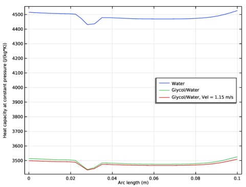 In the Settings window for Global, click Replace Expression in the upper-right corner of the y-Axis Data section. From the menu, choose Global definitions>Functions>HeatCapacityCppp1(temperature, pressure, massfraction_ethylene_glycol, massfraction_water) - Heat capacity (Cp) 1.
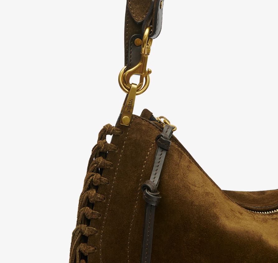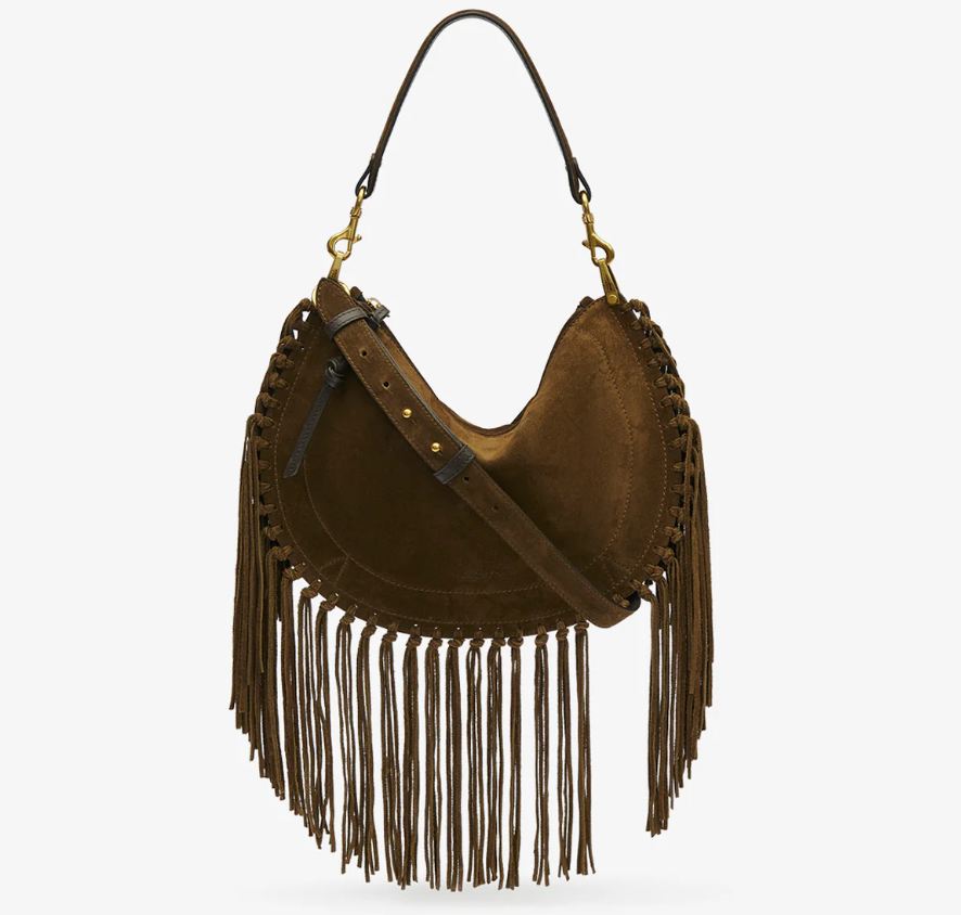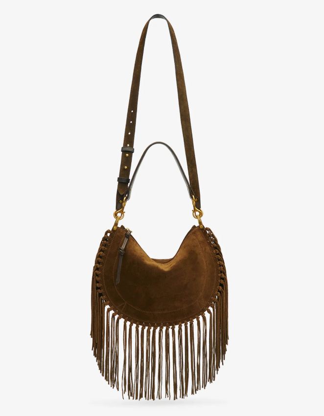 bolso mano piel ante de becerro con flecos oskan hobo zip bronce
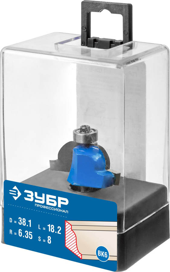 Фреза кромочная калевочная №6, D= 38,1мм, рабочая длина-16,2мм, радиус-6,35мм, хв.-8мм, d-12,7мм, ЗУБР Профессионал
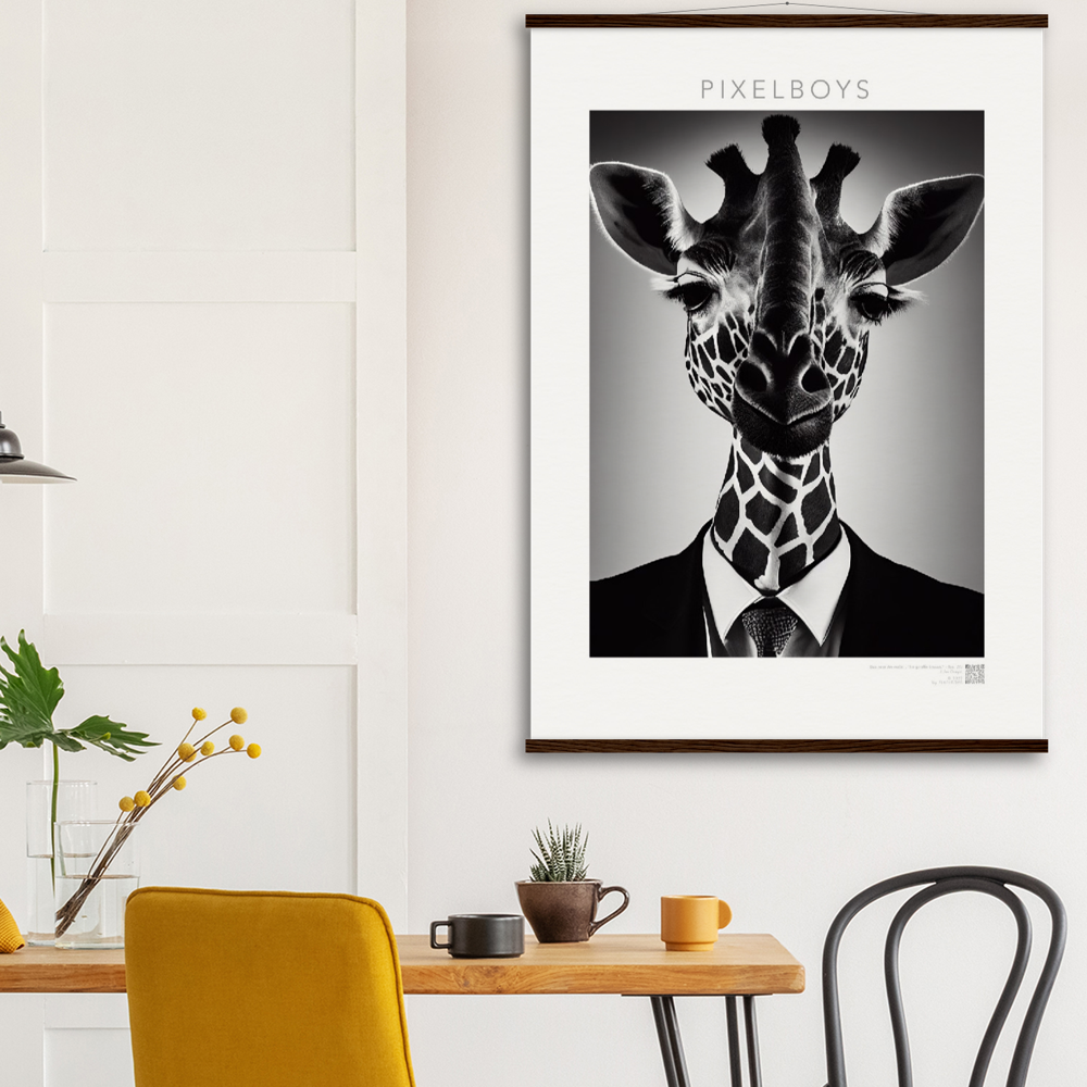 Poster mit Leisten - "The giraffe knows" - Business Animals No. 2 "Bridget"
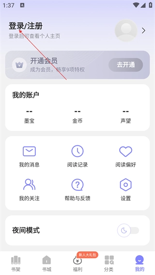 打开贤读小说应用后,点击底部导航栏中的【我的】选项,进入个人中心页面,在该页面可以看到登录入口、账户相关功能入口等内容。
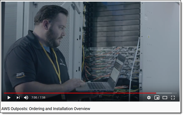 AWS Outposts: Ordering and Installation Overview – 이 동영상은 Outposts 랙을 주문 및 설치하는 과정을 안내합니다. 물리적, 전기적 및 네트워크 요구 사항에 대해 알아보고 실제 설치 과정을 볼 수 있습니다.
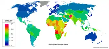 - "World Infant Mortality Rates in 2008". Arkiveret fra originalen 27. juli 2011. Hentet 2. december 2009.
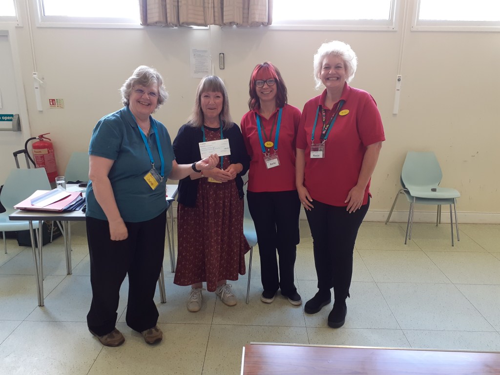 The photograph shows June, the lead of our management team and Lindy, our wonderful singing coordinator, receiving a cheque for £176.90 from Belle and Rosie from St Monica’s. Many thanks to Rosie and Belle for organising the event and to St Monica’s for their generous donation
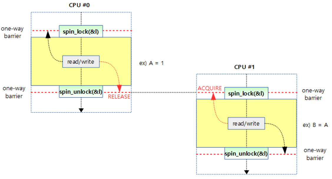 - A one-way barrier guarantees the memory manipulation order before the RELEASE operation.
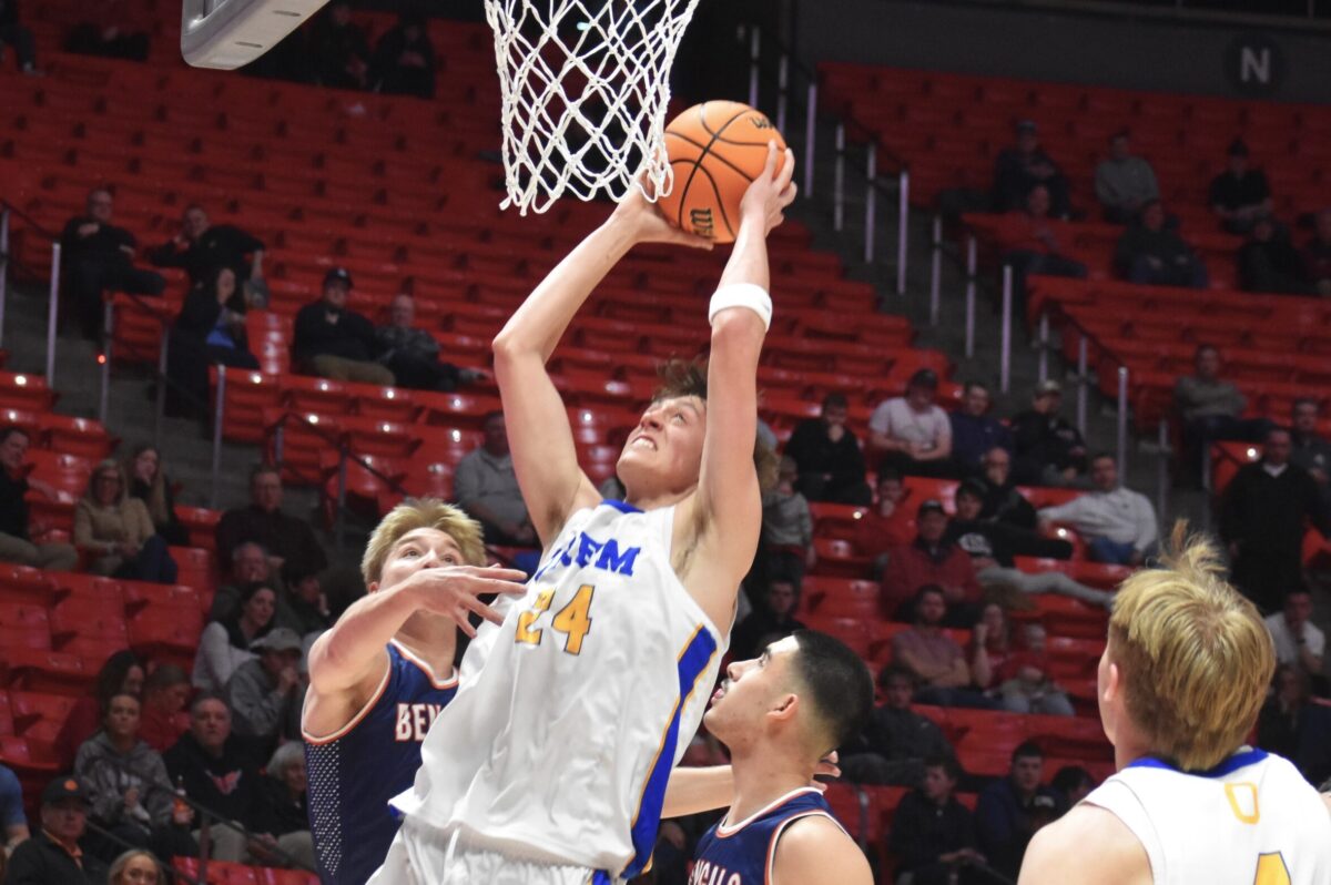 Orem's Chamberlain Burgess (24) goes up for a shot against Brighton in a 5A boys basketball quarterfinal on Feb. 25, 2025, at the Huntsman Center in Salt Lake City.

+++++

Exercise aim: Without including any pictures, output each entry above exactly as it appears.

Solution below:
 In the Settings window for Global, click Replace Expression in the upper-right corner of the y-Axis Data section. From the menu, choose Global definitions>Functions>HeatCapacityCppp1(temperature, pressure, massfraction_ethylene_glycol, massfraction_water) - Heat capacity (Cp) 1.
 bolso mano piel ante de becerro con flecos oskan hobo zip bronce
 Фреза кромочная калевочная №6, D= 38,1мм, рабочая длина-16,2мм, радиус-6,35мм, хв.-8мм, d-12,7мм, ЗУБР Профессионал
 Poster mit Leisten - "The giraffe knows" - Business Animals No. 2 "Bridget"
 打开贤读小说应用后,点击底部导航栏中的【我的】选项,进入个人中心页面,在该页面可以看到登录入口、账户相关功能入口等内容。
 AWS Outposts: Ordering and Installation Overview – 이 동영상은 Outposts 랙을 주문 및 설치하는 과정을 안내합니다. 물리적, 전기적 및 네트워크 요구 사항에 대해 알아보고 실제 설치 과정을 볼 수 있습니다.
 - "World Infant Mortality Rates in 2008". Arkiveret fra originalen 27. juli 2011. Hentet 2. december 2009.
 The photograph shows June, the lead of our management team and Lindy, our wonderful singing coordinator, receiving a cheque for £176.90 from Belle and Rosie from St Monica’s. Many thanks to Rosie and Belle for organising the event and to St Monica’s for their generous donation
 - A one-way barrier guarantees the memory manipulation order before the RELEASE operation.
 Orem's Chamberlain Burgess (24) goes up for a shot against Brighton in a 5A boys basketball quarterfinal on Feb. 25, 2025, at the Huntsman Center in Salt Lake City.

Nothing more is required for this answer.